In the web2py folder, create a file "web2py_modpython.py" file with the following contents:

from mod_python import apache
import modpythonhandler

def handler(req):
    req.subprocess_env['PATH_INFO'] = req.subprocess_env['SCRIPT_URL']
    return modpythonhandler.handler(req)

Create/update the file ".htaccess" with the following contents:

SetHandler python-program
PythonHandler web2py_modpython
#PythonDebug On

This example was provided by Niktar.

Cherokee with FastCGI

Cherokee
FastCGI
Cherokee is a very fast web server and, like web2py, it provides an AJAX-enabled web-based interface for its configuration. Its web interface is written in Python. In addition, there is no restart required for most of the changes.

Here are the steps required to setup web2py with Cherokee:

Download Cherokee[cherokee]

Untar, build, and install:

tar -xzf cherokee-0.9.4.tar.gz
cd cherokee-0.9.4
./configure --enable-fcgi && make
make install

Start web2py normally at least once to make sure it creates the "applications" folder.

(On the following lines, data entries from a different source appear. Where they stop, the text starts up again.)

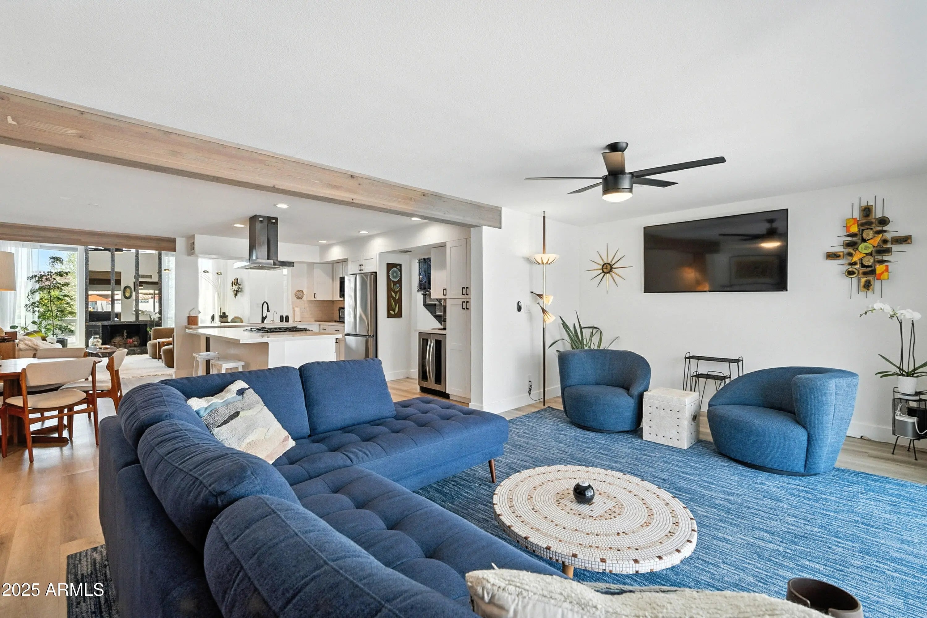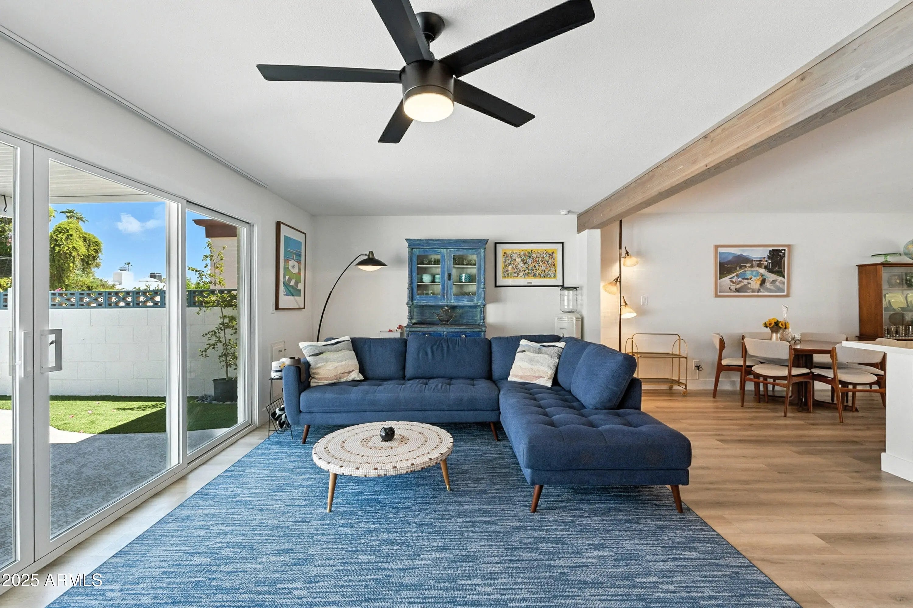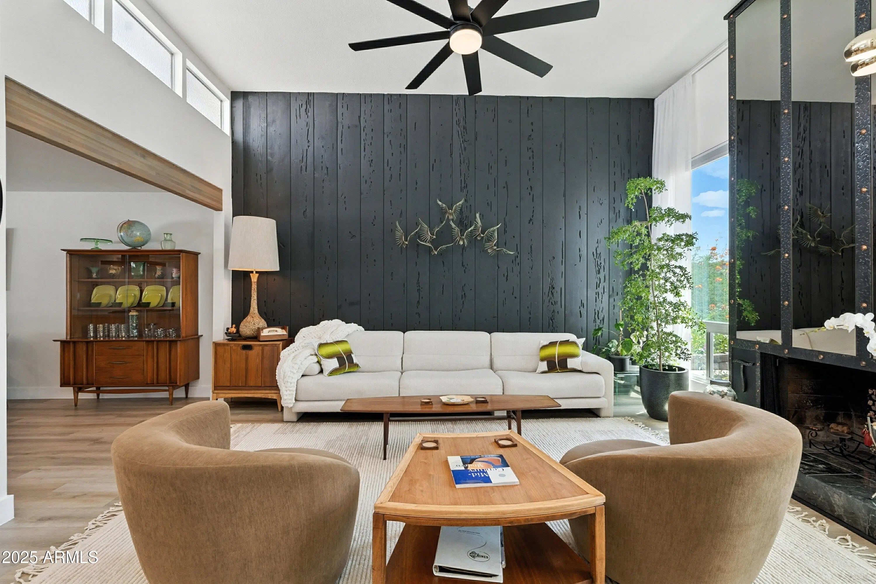 Classic mid century modern style home nestled between Papago Peak & Camelback mountain. This Ralph Haver designed 3bd 2ba has gorgeous updates and style throughout. Interior features include plank flooring, open floorplan pull out cabinet shelves, quartz countertops, and stainless appliances. Enjoy relaxing at the community pool or hosting gatherings in the private backyard with a covered patio & plenty of storage. The spacious primary suite and versatile bedrooms provide comfort and convenience. This home blends functionality with designer touches, ideal for everyday living and entertaining. Close to dowtown Phx Sky Harbor & Old Town Scottsdale this quiet community is amazing. Come see this wonderful home in the sought after 55+ community of Golden Keys.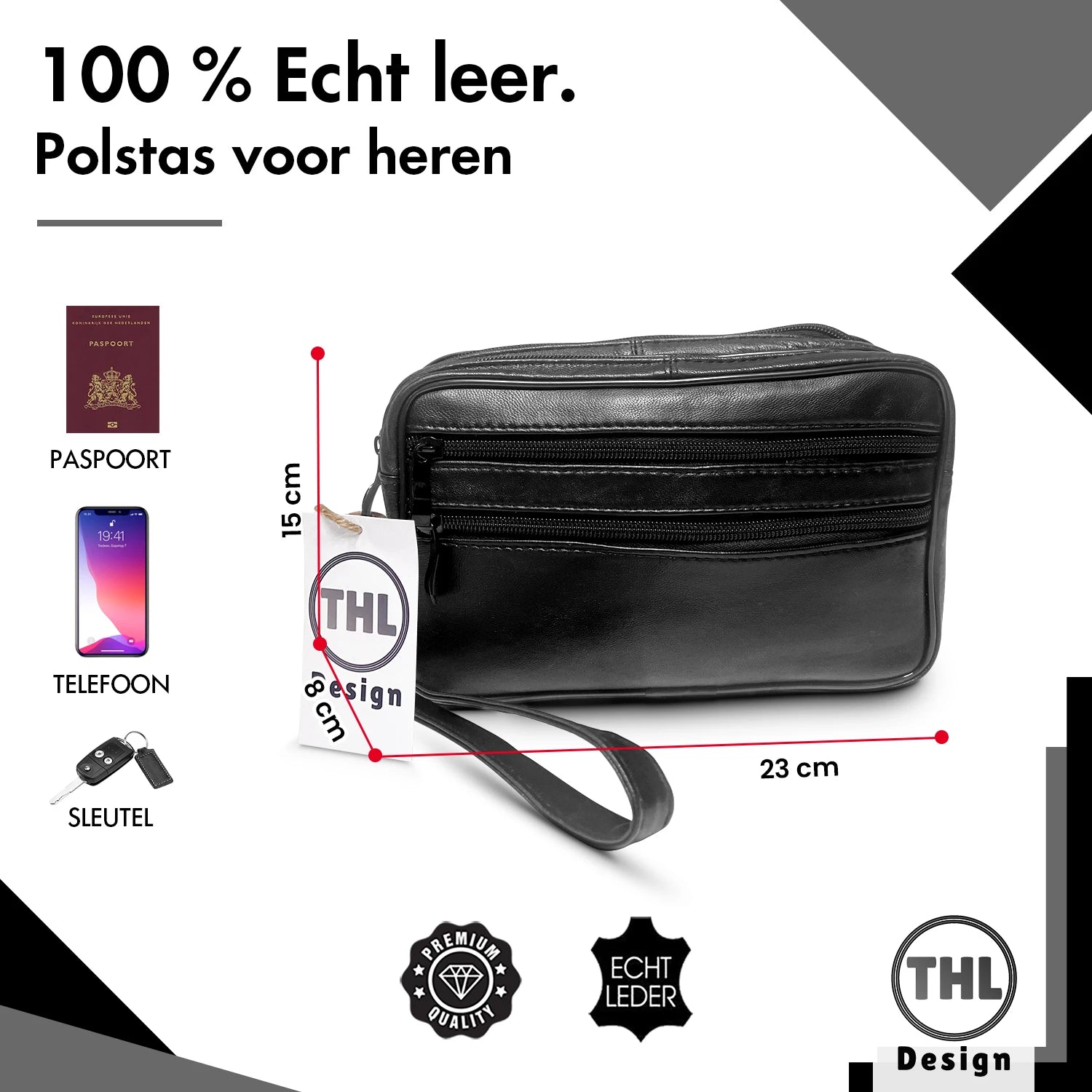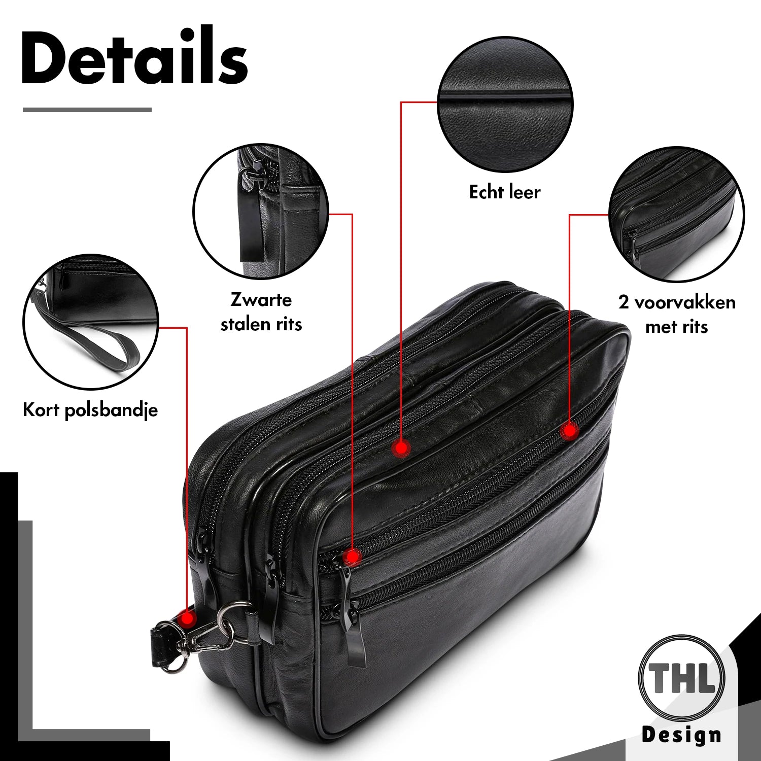 De zwart lederen polstas / handtas van het merk THL Design is een gebruiksvriendelijke tas met verschillende vakjes om je spullen georganiseerd op te bergen. Gemaakt van hoogwaardig leer van optimale kwaliteit is deze polstas niet alleen een praktische maar ook een mooie tas. Bij de polstas zit een handig afneembare polsband zodat je de tas overal mee naar toe kan nemen.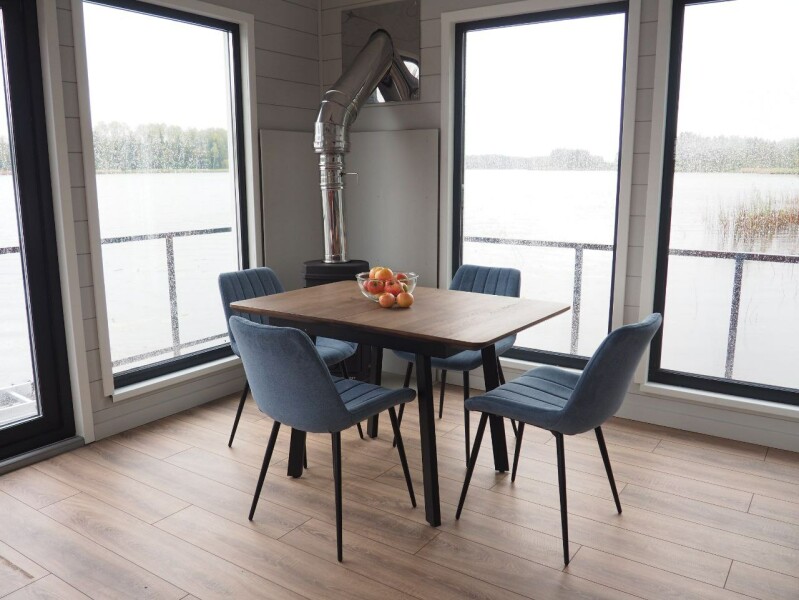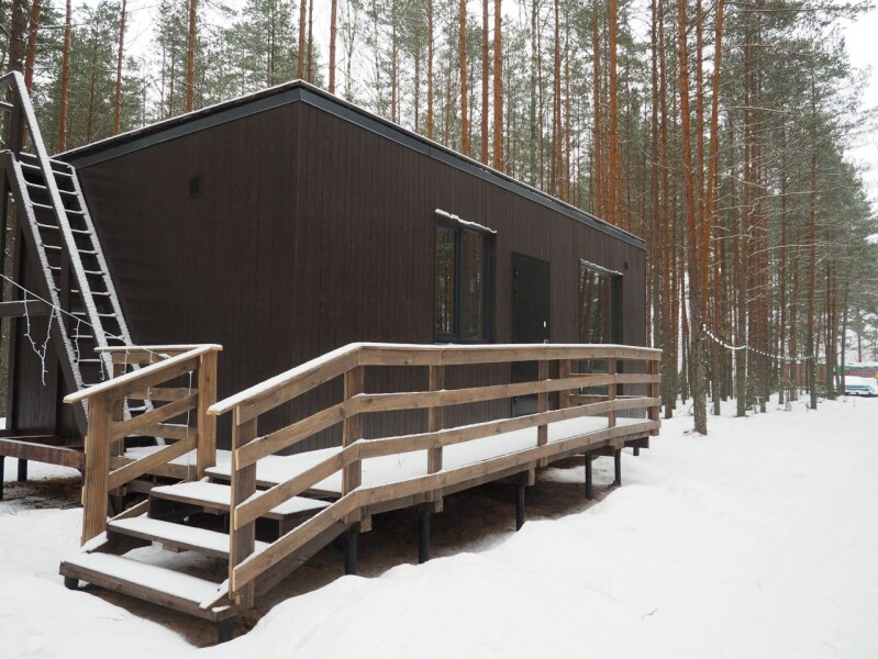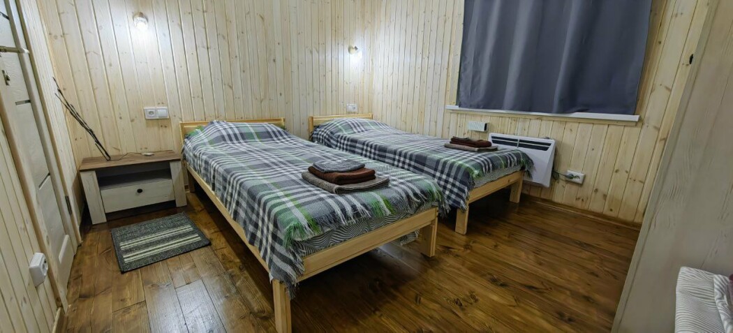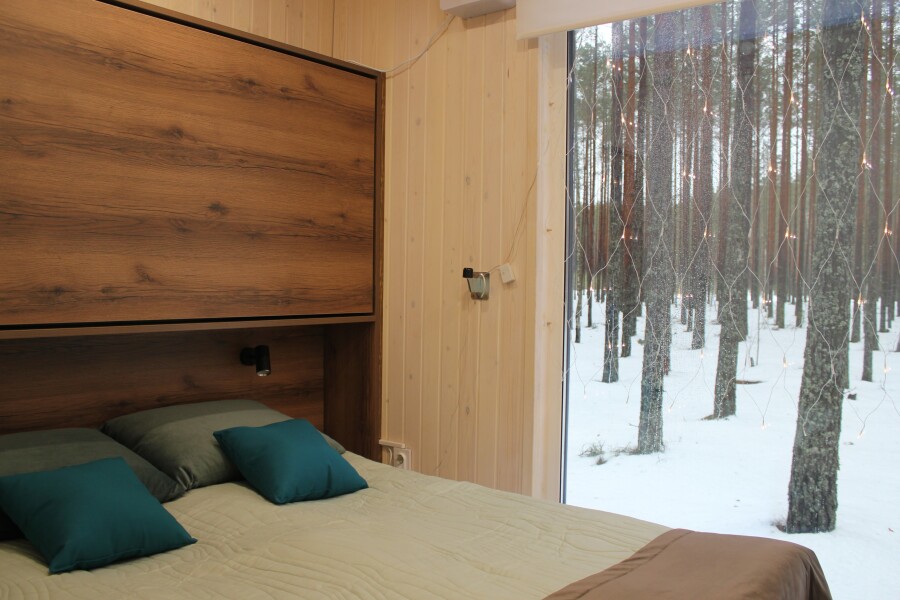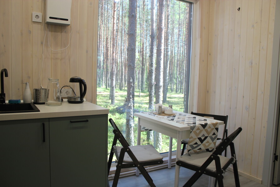 Четыре дома сдаётся на одну компанию до 26 взрослых человек и 4 детей на отдельном месте. В первом доме-отеле 6 номеров, в каждом номере - собственный душ и туалет (совмещенный), кухня-гостиная со всем необходимым для приготовления блюд и сервировки стола, а также экран с проектором, печь-камин и настольные игры. В двух других домах по две спальни, панорамные окна, двуспальные или раздельные кровати на ваш выбор, два санузла, тёплые полы, общая кухня-гостиная, набор посуды и столовых приборов. Ещё одно средство размещения - домик-студия с сауной. В распоряжении гостей большая утеплённая беседка с камином. Есть розетка для зарядки электромобиля.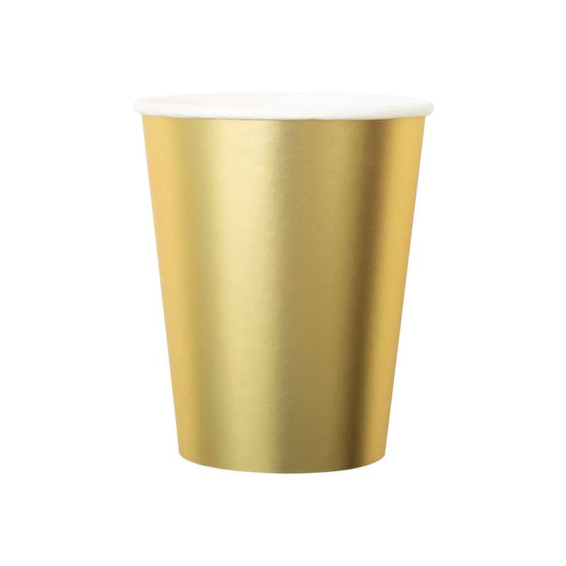 Bicchieri Oro Satinato in Carta, perfetti per il tuo Party elegante e raffinato! La capienza è 250 cc e la confezione contiene 8 Bicchieri.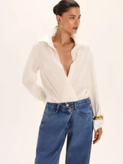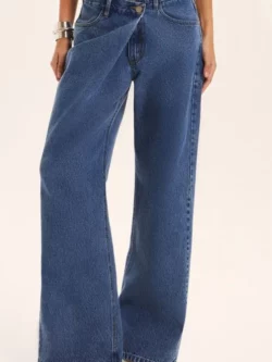A Calça Tamires é um jeans balloon com cós duplo assimétrico em estilo envelope, valorizando a cintura e criando um shape moderno e confortável. A lavagem escura adiciona sofisticação ao visual, tornando a peça versátil para diferentes combinações.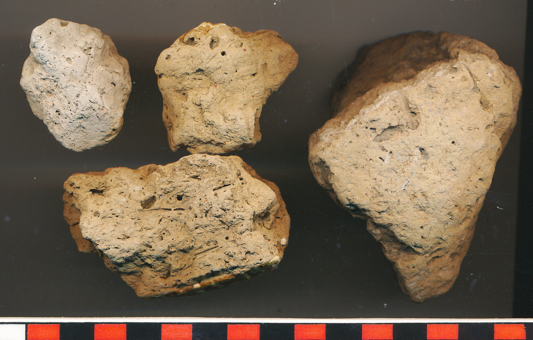 Szabálytalan alakú paticsdarabok, a legnagyobb egyik oldala sima.

Write a shell script named "startweb2py.sh" with the following code:

#!/bin/bash
cd /var/web2py
python /var/web2py/fcgihandler.py &

and give the script execute privileges and run it. This will start web2py under FastCGI handler.

Start Cherokee and cherokee-admin:

sudo nohup cherokee &
sudo nohup cherokee-admin &

By default, cherokee-admin only listens at local interface on port 9090. This is not a problem if you have full, physical access on that machine. If this is not the case, you can force it to bind to an IP address and port by using the following options:

-b,  --bind[=IP]
-p,  --port=NUM

or do an SSH port-forward (more secure, recommended):

ssh -L 9090:localhost:9090 remotehost

Open "http://localhost:9090" in your browser. If everything is ok, you will get cherokee-admin.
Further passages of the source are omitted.